In Chapter 3, we develop an R package DoubletCollection to integrate the installation and execution of different doublet-detection methods. Traditional benchmark studies can be quickly out-of-date due to their static design and the rapid growth of available methods. DoubletCollection addresses this issue in benchmarking doublet-detection methods for scRNA-seq data. DoubletCollection provides a unified interface to perform and visualize downstream analysis after doublet-detection. Additionally, we created a protocol using DoubletCollection to execute and benchmark doublet-detection methods. This protocol can automatically accommodate new doublet-detection methods in the fast-growing scRNA-seq field.

In Chapter 4, we conduct the first comprehensive empirical study to explore the best modeling strategy for autoencoder-based imputation methods specific to scRNA-seq data.
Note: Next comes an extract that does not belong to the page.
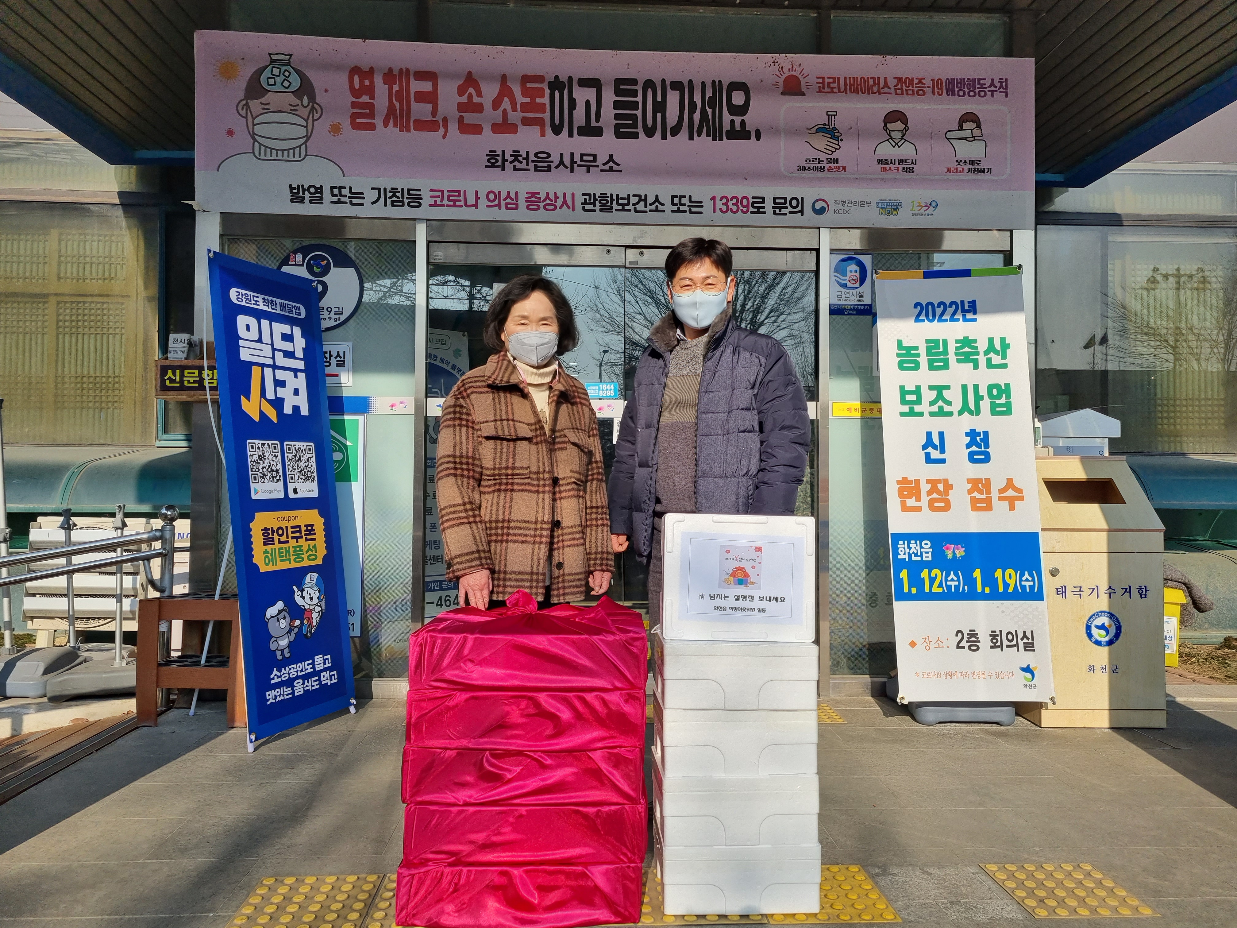 [강원사회복지신문 이정환 기자]=화천읍 지역사회보장협의체(희망이웃 위원장:신현자)는 지난 1월 27일 설 명절을 맞아 지역 저소득 독거노인 가구를 방문해 사과박스와 어묵세트를 비대면으로 전달하고, 위문했다.

The autoencoder-based imputation method is a family of promising methods to denoise sparse scRNA-seq data; however, the design of autoencoders has not been formally discussed in the literature. Current autoencoder-based imputation methods either borrow the practice from other fields or design the model on an ad hoc basis. We find that the method performance is sensitive to the key hyperparameter of autoencoders, including architecture, activation function, and regularization. Their optimal settings on scRNA-seq are largely different from those on other data types. Our results emphasize the importance of exploring hyperparameter space in such complex and flexible methods. Our work also points out the future direction of improving current methods.